Wait, no. I take that back. Instead, fuck you. You embarrassed me in the last weeks of it. You made me drop markers while I was writing on the board. You made me so dizzy that I had to steady myself on a podium for many of my lectures, instead of walking around the room, animatedly, like I normally do. You made me have to sit down to talk, SIT DOWN! How embarrassing. You made me have to call in sick. You made me have to stagger emergency room visits, so I wouldn’t be too high or hung-over on ER drugs to work. You made me sick, too sick to do the job I love, effectively.

Then, when it got really bad, you made me have to explain to a room full of eighteen year-old kids, what Chiari is. Humiliation: thy name is that moment. They were bewildered, and I was ashamed. They were worried and scared for me, but also didn’t know what to do. They were afraid I was not up to being a teacher, their teacher, and who could blame them? Maybe I should be grateful for that moment, the moment when after years of professionalism, a student said, “what will happen to my grade?” when I was worried about dying.

But, it’s not all bad. I concede. You did teach me new ways to be happy. A person can only wallow in the self-pity of what they’ve lost for so long, before they fall apart. It sucks to sit around and be sad that they aren’t at work. Or, they can only lay on the couch and be bummed about not being at the playground with their son, for so long, before they do something about it.

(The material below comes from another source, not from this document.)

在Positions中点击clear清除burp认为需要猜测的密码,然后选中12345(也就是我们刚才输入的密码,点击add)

So, Chiari, you taught me to stop fucking around with what’s left of my current “life,” as it stands now (I refuse to believe that it is permanently going to stay this way). I may sit around in my pajamas many days, wearing an ass-groove in the couch. But, I do not just sit.

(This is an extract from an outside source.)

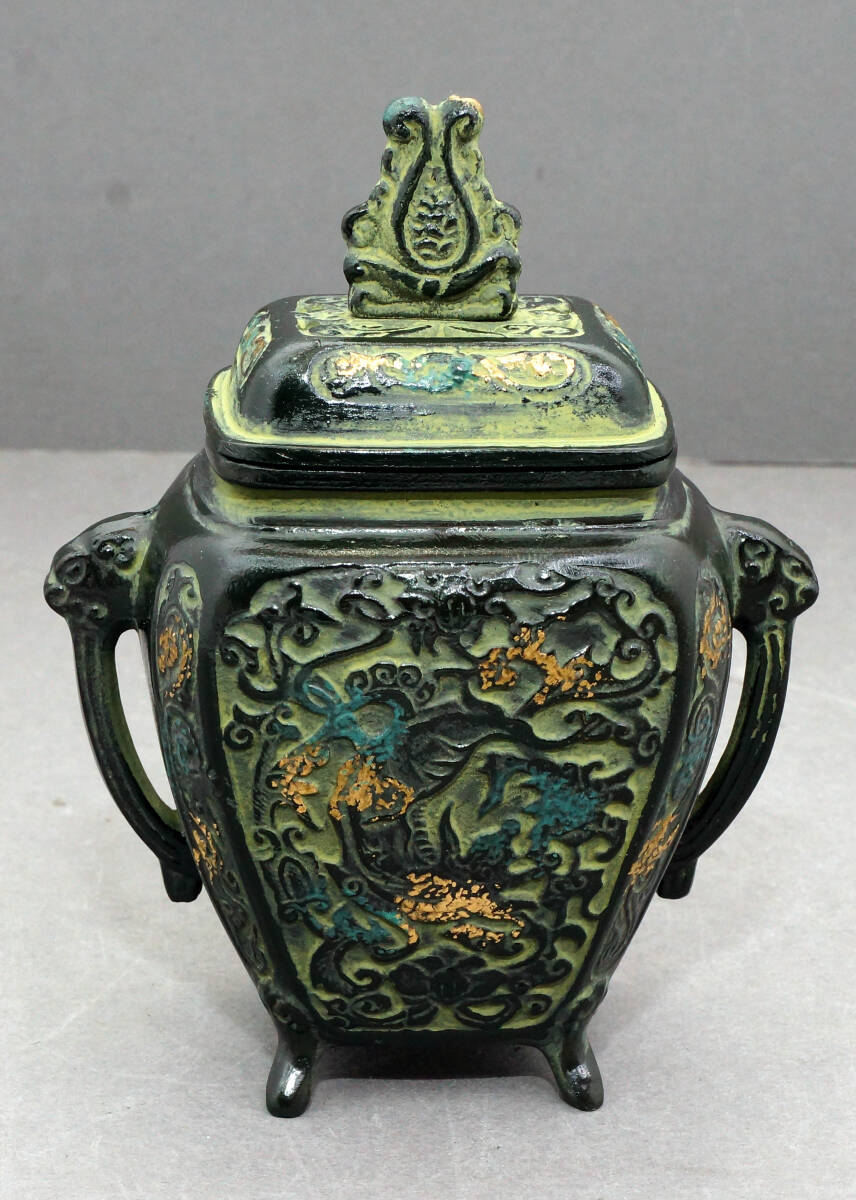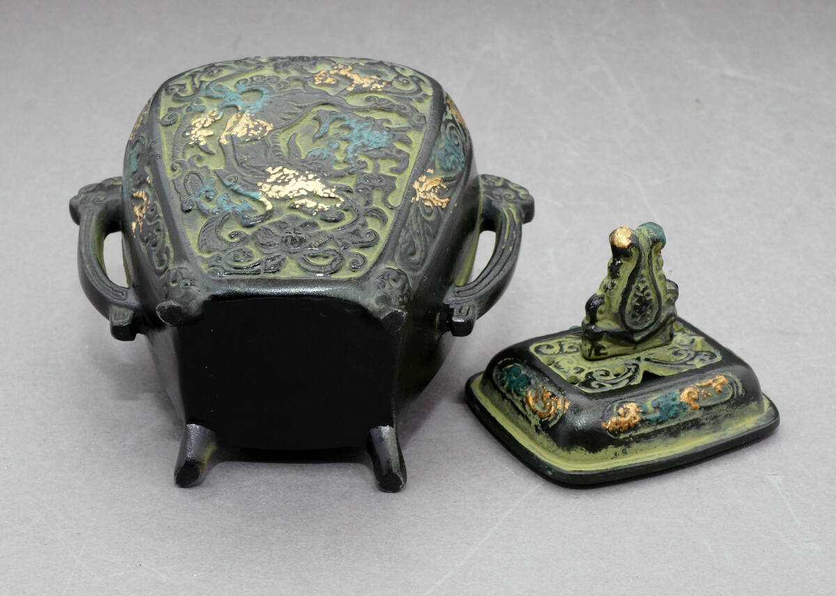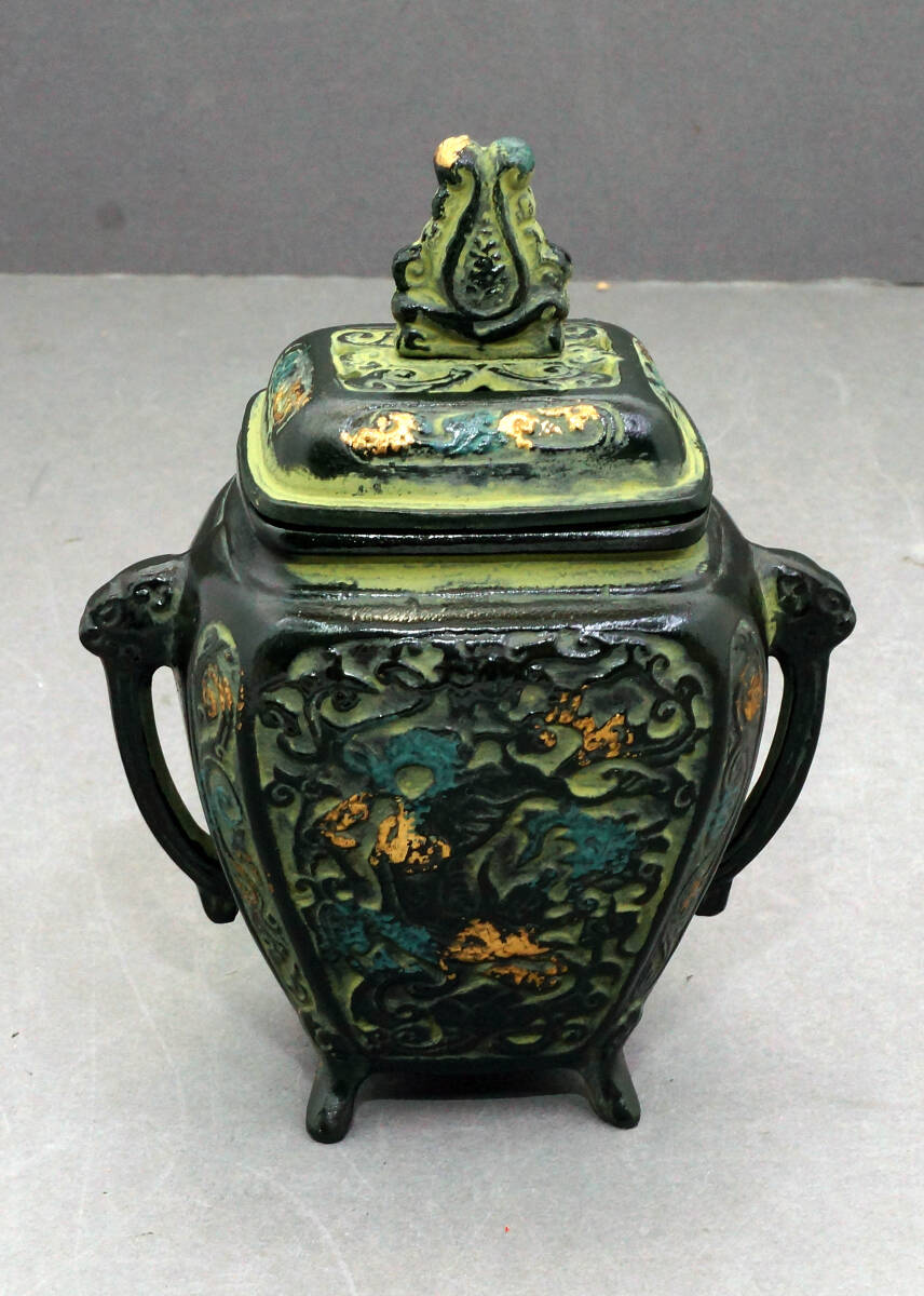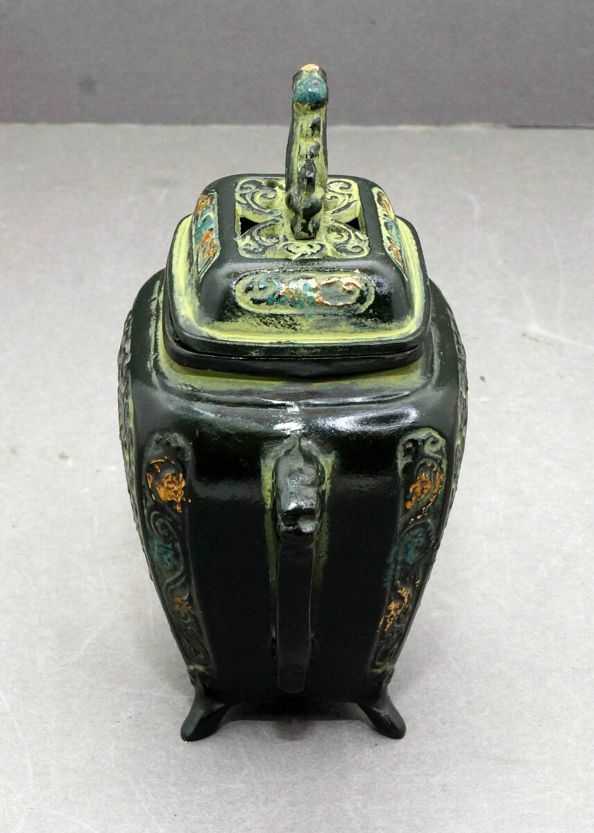 | 商品説明 | 四足香炉 銘無し 金属製 サイズ:W105㎜×D65㎜×H140㎜ 未使用品ですが経年保管による傷・汚れ等のダメージが御座います。 |

I blog. I paint. I read. I write. I work. I teach online now. I volunteer, and I work, via telecommute. I work harder now than I did when I worked. Chiari, you taught me that I’m not done, just because you made me sick. You taught me that a person is only done when they say they are done.

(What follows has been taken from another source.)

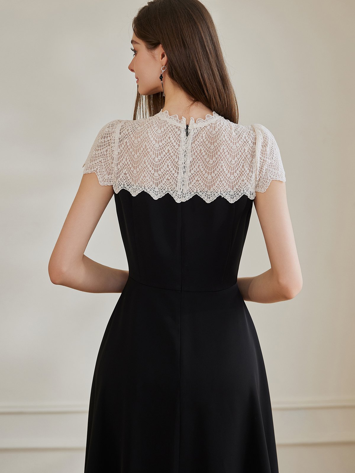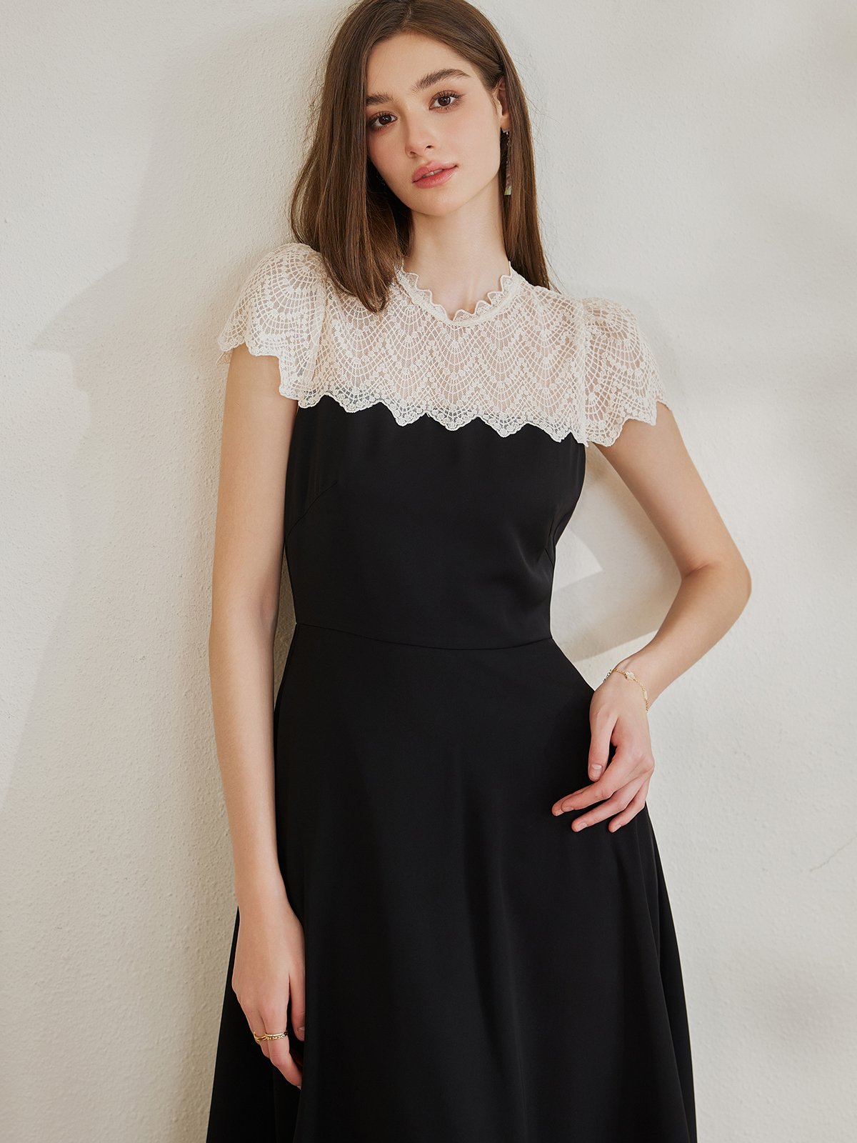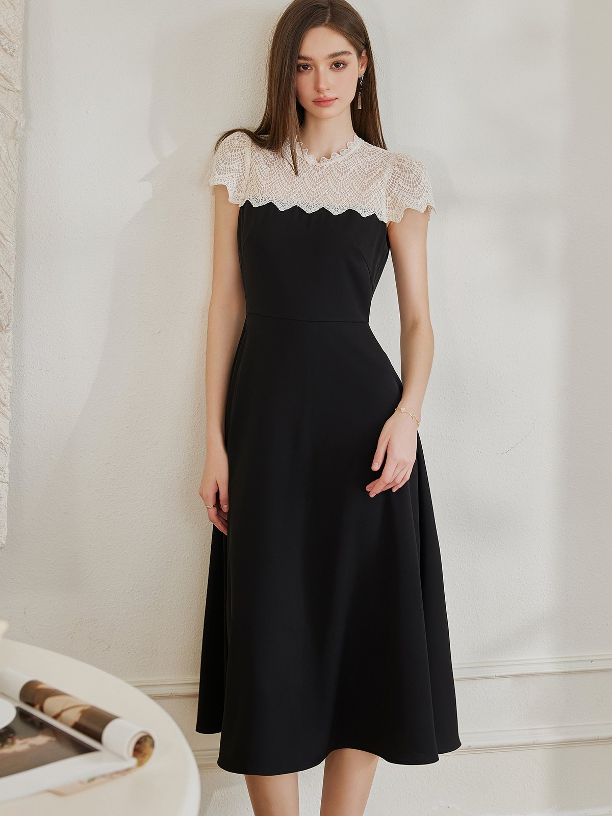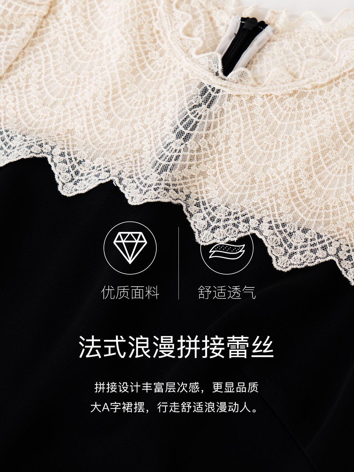 罗衣优雅大摆拼接蕾丝连衣裙

I may have days where I never get out of bed, and that’s fine. It just means that my to-do list is flexible. And, that’s okay. You didn’t win and you won’t. I may not put on my wardrobe of pretty clothes and makeup much anymore, but I still have a life; it’s just different now.

I sometimes feel a little foolish, because my husband will come home and I greet him at the door, like a child, brandishing a painting I’ve finished that day, excited to see how proud he is of my new project. “Look! Look! Do you like my project!” But, I made that. I’m creating. I’m doing. The ass print groove I’m wearing in the couch speaks for me, but it’s not just from sitting, it’s from doing things with my time, it’s just that it’s from my cozy little corner of the universe that happens to be situated on a very comfy couch.

So, am I grateful for Chiari? No. If I could give it back, I would in a heartbeat. I’d throw this stupid thing back to the hell it came from. I’d trade it for every “positive” experience, every happy memory, every wonderful thing I’ve learned about my friends, all of it. And anyone who tells you they are grateful for the stupid journey (gag!) that this has sent them on, for the lessons this has taught them, for any of that bullshit, they are lying to themselves, or they are hoping to get some kind of self-help book contract. No one wants to get sick; and even once they are well, no one is grateful for it. I’m not grateful for continuous pain meds and for the lingering, lifelong effects of being better, no one would be.

But, it’s the hand I’ve been given, and I’m making the best of it. Because I’ve seen the alternative, which is to wallow. Hundreds of comments a day on comment boards, complaints all day, convincing yourself that blinking too much is related to your condition, or that every doctor you see is out to get you. Instead, I chose to find a way to live that doesn’t revolve around having Chiari. I chose to find a way to live that revolves around things I love and enjoy, making room to accommodate being sick, so I can rest and be well. That doesn’t mean I don’t have days where I don’t shake my fist at the sky or gnash my teeth, but I’m figuring it out.